• _WHAT TO PRODUCE_: All of the data below is to be repeated exactly, except for the pictures.

• _DATA RECORDS_:
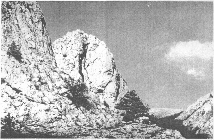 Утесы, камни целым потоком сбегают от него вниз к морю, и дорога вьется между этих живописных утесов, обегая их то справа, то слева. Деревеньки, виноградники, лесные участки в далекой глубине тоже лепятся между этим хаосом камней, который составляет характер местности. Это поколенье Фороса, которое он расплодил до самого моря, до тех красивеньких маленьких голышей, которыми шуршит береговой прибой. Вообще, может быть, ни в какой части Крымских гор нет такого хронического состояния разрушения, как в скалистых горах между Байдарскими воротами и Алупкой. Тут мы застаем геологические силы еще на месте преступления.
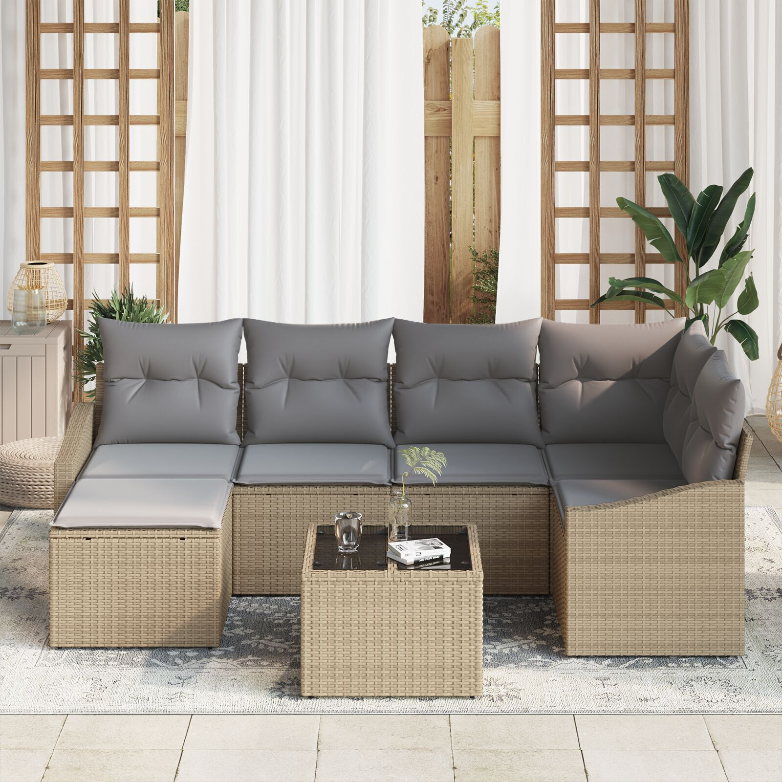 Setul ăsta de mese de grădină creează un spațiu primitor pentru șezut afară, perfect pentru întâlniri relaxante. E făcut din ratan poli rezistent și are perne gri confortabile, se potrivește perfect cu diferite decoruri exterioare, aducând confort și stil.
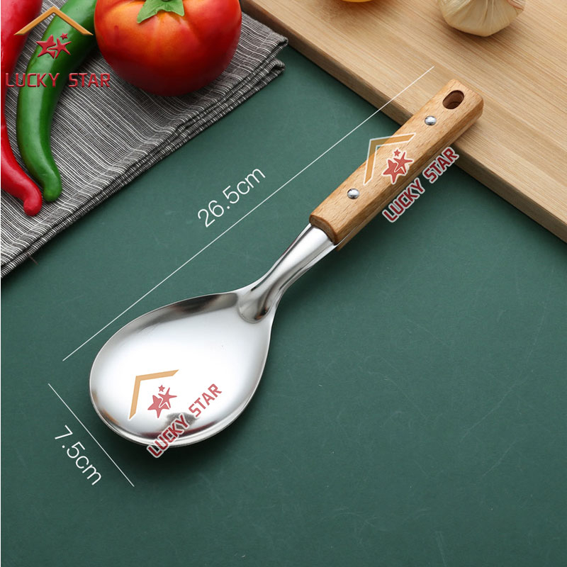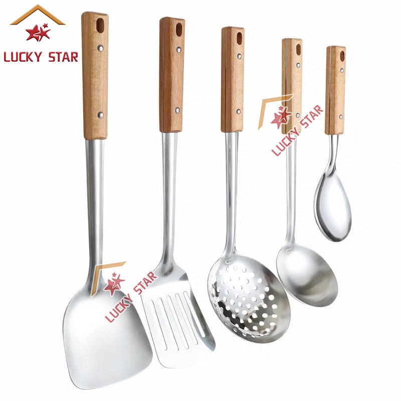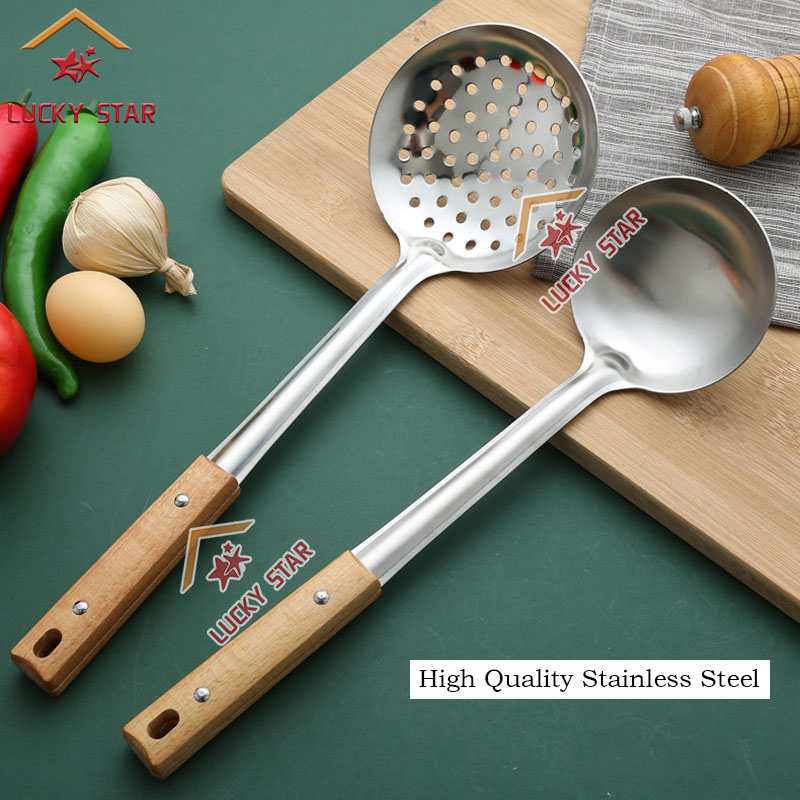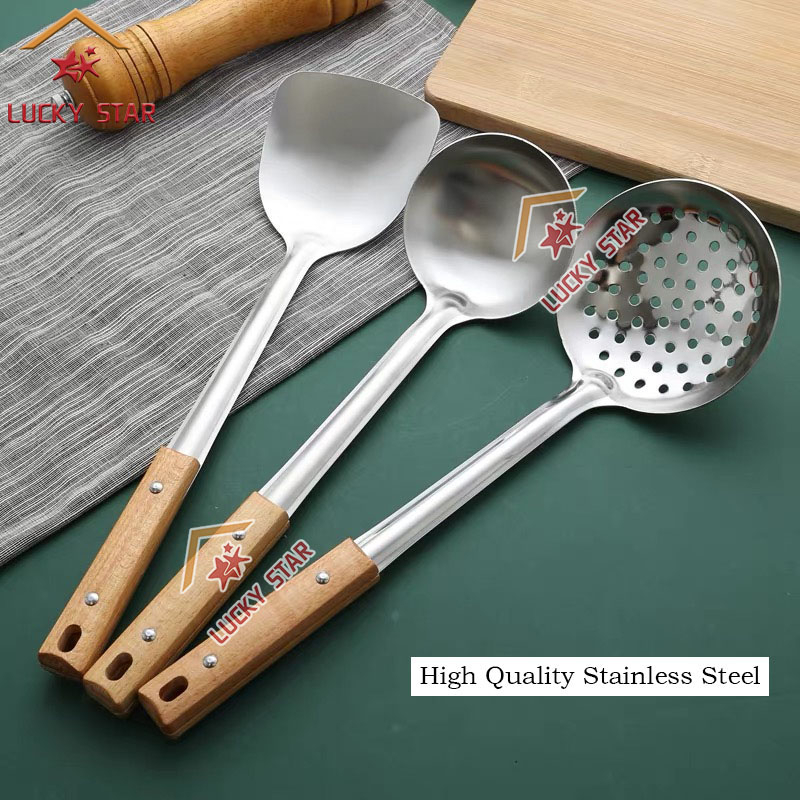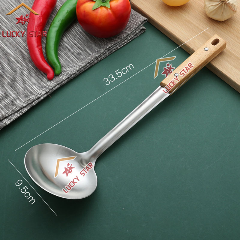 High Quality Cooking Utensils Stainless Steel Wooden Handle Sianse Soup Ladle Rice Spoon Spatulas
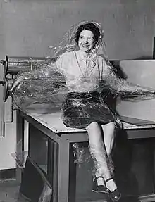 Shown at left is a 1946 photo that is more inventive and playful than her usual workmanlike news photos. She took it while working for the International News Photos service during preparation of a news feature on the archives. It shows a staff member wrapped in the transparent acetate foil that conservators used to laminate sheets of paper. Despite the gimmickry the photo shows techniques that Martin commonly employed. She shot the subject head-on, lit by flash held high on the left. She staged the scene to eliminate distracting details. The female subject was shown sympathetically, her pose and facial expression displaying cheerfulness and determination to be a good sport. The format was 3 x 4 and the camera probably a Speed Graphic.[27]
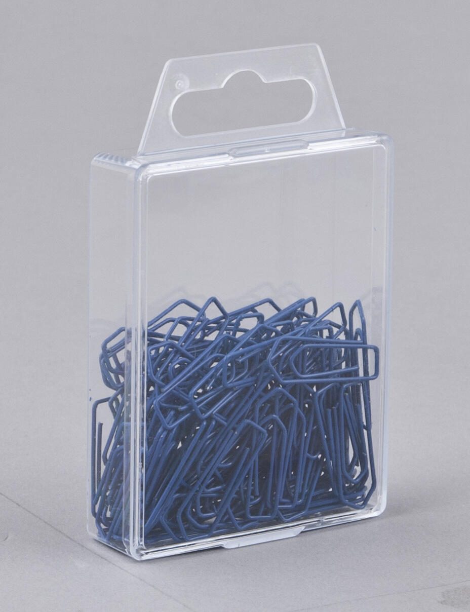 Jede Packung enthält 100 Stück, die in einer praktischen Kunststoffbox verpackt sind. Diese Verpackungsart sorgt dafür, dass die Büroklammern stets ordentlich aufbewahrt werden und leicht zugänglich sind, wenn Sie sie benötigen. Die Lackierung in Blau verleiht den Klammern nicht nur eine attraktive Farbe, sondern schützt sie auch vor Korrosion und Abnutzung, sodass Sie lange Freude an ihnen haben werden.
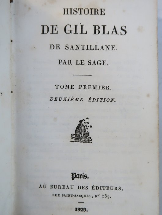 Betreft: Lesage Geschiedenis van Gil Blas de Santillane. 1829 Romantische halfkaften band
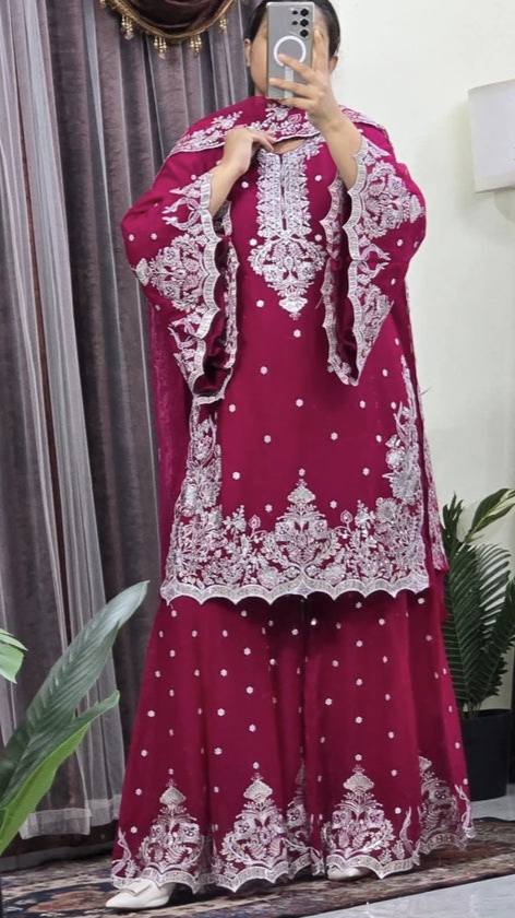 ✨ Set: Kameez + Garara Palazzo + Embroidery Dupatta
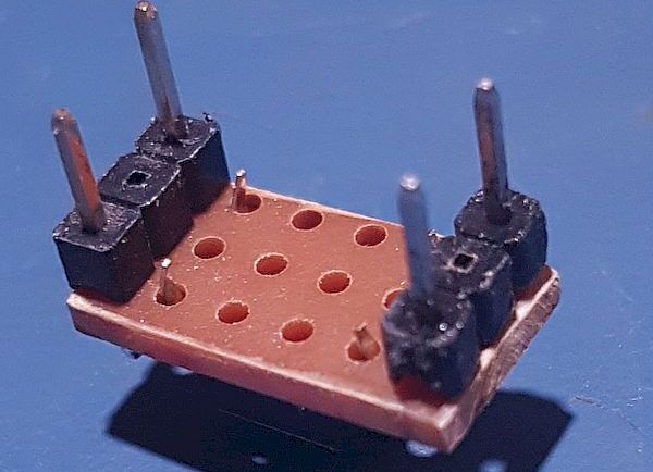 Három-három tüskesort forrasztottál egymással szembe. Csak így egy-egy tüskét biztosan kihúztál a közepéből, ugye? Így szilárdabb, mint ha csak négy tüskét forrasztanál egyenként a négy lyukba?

• _WRITTEN SOLUTION_:
 Утесы, камни целым потоком сбегают от него вниз к морю, и дорога вьется между этих живописных утесов, обегая их то справа, то слева. Деревеньки, виноградники, лесные участки в далекой глубине тоже лепятся между этим хаосом камней, который составляет характер местности. Это поколенье Фороса, которое он расплодил до самого моря, до тех красивеньких маленьких голышей, которыми шуршит береговой прибой. Вообще, может быть, ни в какой части Крымских гор нет такого хронического состояния разрушения, как в скалистых горах между Байдарскими воротами и Алупкой. Тут мы застаем геологические силы еще на месте преступления.
 Setul ăsta de mese de grădină creează un spațiu primitor pentru șezut afară, perfect pentru întâlniri relaxante. E făcut din ratan poli rezistent și are perne gri confortabile, se potrivește perfect cu diferite decoruri exterioare, aducând confort și stil.
 High Quality Cooking Utensils Stainless Steel Wooden Handle Sianse Soup Ladle Rice Spoon Spatulas
 Shown at left is a 1946 photo that is more inventive and playful than her usual workmanlike news photos. She took it while working for the International News Photos service during preparation of a news feature on the archives. It shows a staff member wrapped in the transparent acetate foil that conservators used to laminate sheets of paper. Despite the gimmickry the photo shows techniques that Martin commonly employed. She shot the subject head-on, lit by flash held high on the left. She staged the scene to eliminate distracting details. The female subject was shown sympathetically, her pose and facial expression displaying cheerfulness and determination to be a good sport. The format was 3 x 4 and the camera probably a Speed Graphic.[27]
 Jede Packung enthält 100 Stück, die in einer praktischen Kunststoffbox verpackt sind. Diese Verpackungsart sorgt dafür, dass die Büroklammern stets ordentlich aufbewahrt werden und leicht zugänglich sind, wenn Sie sie benötigen. Die Lackierung in Blau verleiht den Klammern nicht nur eine attraktive Farbe, sondern schützt sie auch vor Korrosion und Abnutzung, sodass Sie lange Freude an ihnen haben werden.
 Betreft: Lesage Geschiedenis van Gil Blas de Santillane. 1829 Romantische halfkaften band
 ✨ Set: Kameez + Garara Palazzo + Embroidery Dupatta
 Három-három tüskesort forrasztottál egymással szembe. Csak így egy-egy tüskét biztosan kihúztál a közepéből, ugye? Így szilárdabb, mint ha csak négy tüskét forrasztanál egyenként a négy lyukba?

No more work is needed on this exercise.